Bring back our girls

In rising, I would like to commend the member for Brisbane for putting this motion on Nigeria forward.

I have said in this place again and again that education is the great equaliser, the great transformer. It is through education that my sisters and I escaped a cycle of disadvantage. Education, and especially the education of women, is the bedrock of development. Education gives women options and control; it gives them choice. That is why the abduction of over 200 innocent Nigerian schoolgirls is so abhorrent. These young girls were targeted simply because they dared to seek an education, because they dared to improve their lives, and the lives of their families. The name of the perpetrators of this hateful act, Boko Haram, literally means 'Western style education is sin'. This terrorist organisation seeks to prevent the people of Nigeria from seeking an education, and to punish those who do.

I have been alarmed to learn that since this brutal abduction, teachers and members of the education community in Nigeria have been living in fear. Education unions in Nigeria have reported their fears that teacher recruitment will decrease to an all-time low because people are now simply too afraid to enter this most worthy and this most meaningful of professions. I fear too that school enrolment and attendance in Nigeria will be dramatically affected by this abduction. This abduction is not just an attack on these girls and their families but also an attack on every person in this world who believes that the right to education is a fundamental human right.

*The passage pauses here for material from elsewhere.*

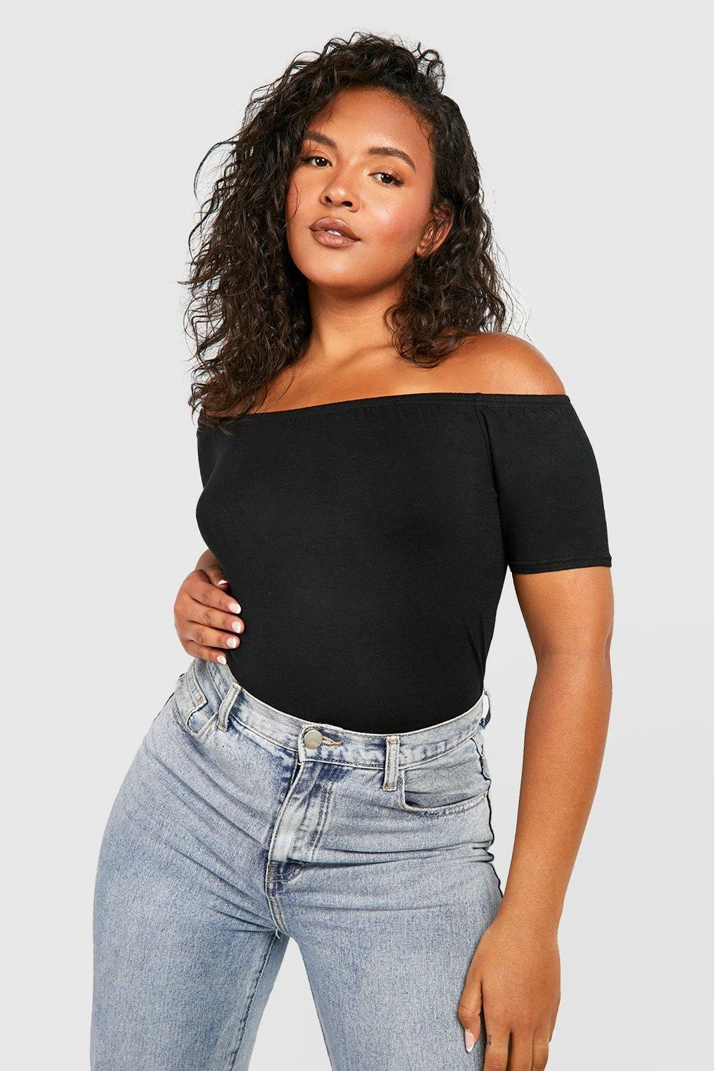 Plus Schulterfreies Basic Crop Top Mit Kurzen Ärmeln
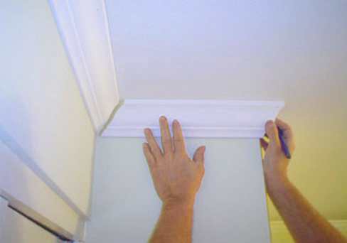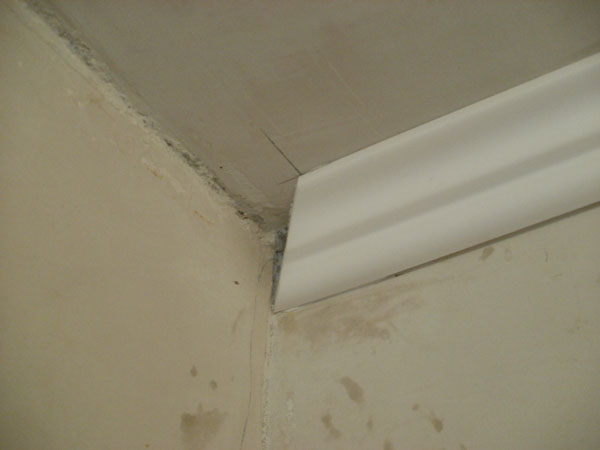 3. Прежде, чем клеить уголки, всегда проверяйте их на стене: сошлись или нет две части угла. Сначала приклейте обе части угла и крепко прижмите их на стыке, теперь проверьте, что два куска плотно схватились.

This morning about 50 girls from Girls Grammar School here in Canberra visited parliament, and I spoke briefly to them about this horrific abduction. In doing so, I wanted to imply how lucky they are as young women to have unhindered access to a good quality education. It is not just in Nigeria where the right of young women to access education is being threatened. Across the world millions of children and adults remain deprived of educational opportunities, some as a result of conflict, some as a result of oppression, many as a result of poverty, and some, like these Nigerian schoolgirls, as a result of fundamentalist ideology. According to the International Labour Organisation, of the 72 million primary school aged children not at school, 44 million are girls. That is 16 million more girls out of school than boys.

I have spoken in this place before about my very great fear that the ability for women to access education in Afghanistan may regress after the withdrawal of Australian troops and the troops of our ISAF partners. Enormous progress has been made in improving girls' access to education in Afghanistan over the last 11 years. Today, millions of Afghan girls and boys are now going to school. Many women now have access to education, to employment, to basic health care and to other essential services that previously were off limits to them. However, without constant vigilance these gains will easily be lost. We know too that in Syria conflict has prevented a generation of girls and boys from accessing education for much of the past three years.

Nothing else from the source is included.